[ad_1]
Canberra, 5th July (Talk) We were blown away by the ability of generative AI tools like Midjourney, Stable Diffusion, and DALL-E 2 to generate great images in seconds.
Yet despite their achievements, there remains a puzzling gap between what AI image generators can generate and what we can generate.
For example, for seemingly simple tasks such as counting objects and generating accurate text, these tools often fail to deliver satisfactory results.
If generative AI has reached unprecedented heights of creative expression, why is it having trouble accomplishing tasks that even elementary school children can do?
Exploring root causes can help reveal the complex digital nature of AI and the nuances of its capabilities.
The Limits of AI in Writing
Humans can easily recognize text symbols (such as letters, numbers, and characters) written in a variety of different fonts and scripts. We can also generate text in different contexts and see how context changes meaning.
Current AI image generators lack this inherent understanding. They can’t really understand the meaning of any text symbols.
These generators are built on artificial neural networks trained on large amounts of image data, from which they “learn” associations and make predictions.
Compositions of shapes in training images are associated with various entities.

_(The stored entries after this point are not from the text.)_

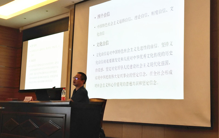 活动的后半阶段,吞精 哲学系教授晋荣东为全体党员同志作了《中国何以“文化自信”》的专题讲座,针对吞精 毕业生党员的国际化特点,从“四个自信”特别是文化自信入手,从古代中国的“天下观”和世界地图的案例出发,阐述了文化自信的历史渊源和具体内涵,提升了同学们的党性和党员意识,帮助毕业生党员深刻认识了中国特色社会主义制度、道路、理论和文化在历史根基上的底气和信心。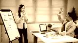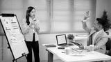 Businesswoman or office worker explaining a data on whiteboard and boss raising hand to ask question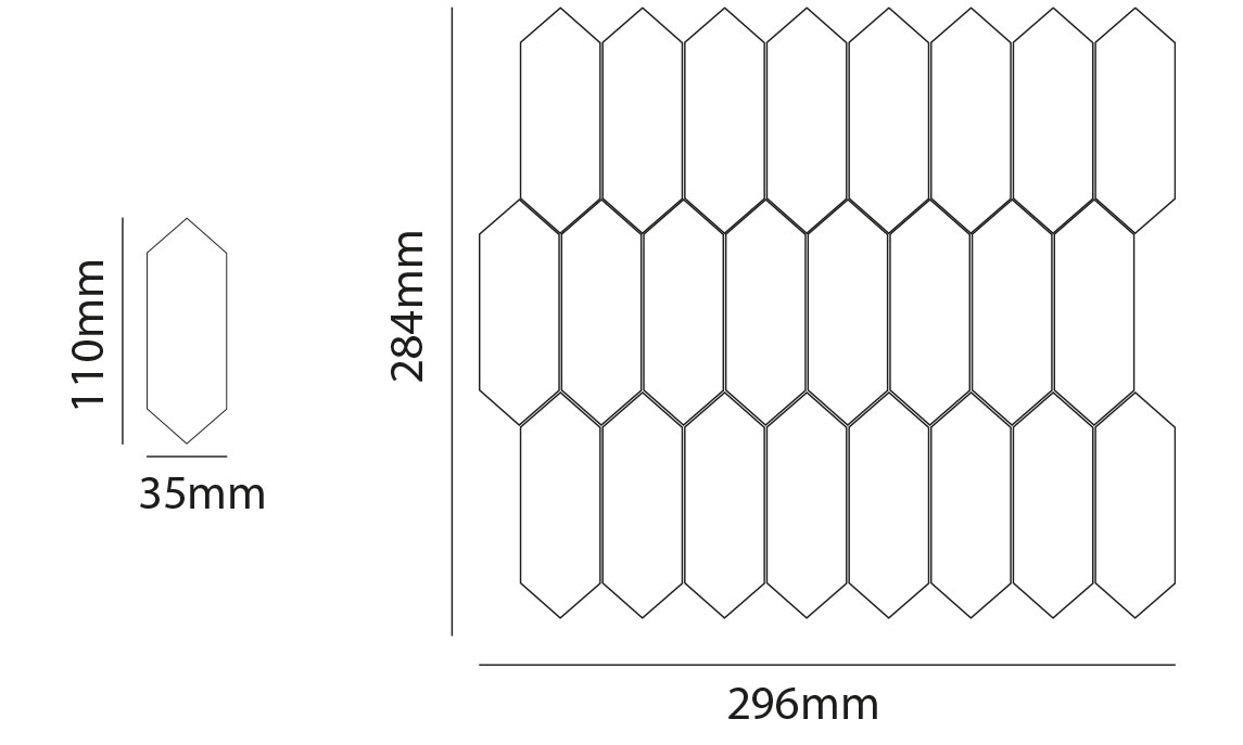 Pukka Tile Gri Blend Small Picket Porselen Mozaik

For example, two lines that intersect inward might represent the tip of a pencil or the roof of a house.
But when it comes to text and quantities, associations must be very accurate, because even tiny flaws are obvious. Our brains can ignore slight deviations from the tip of a pencil or the roof, but not so easily when it comes to the way words are written or the number of fingers on our hands.
As far as the text-to-image model is concerned, a text symbol is just a combination of lines and shapes. Because text comes in many different styles—and because letters and numbers are used in seemingly endless permutations—models often don’t learn how to reproduce text effectively.
The main reason for this is insufficient training data. Compared with other tasks, AI image generators need more training data to accurately represent text and quantity.
Tragedy at the hands of AI
Problems also arise when dealing with smaller objects that require intricate detail, such as hands.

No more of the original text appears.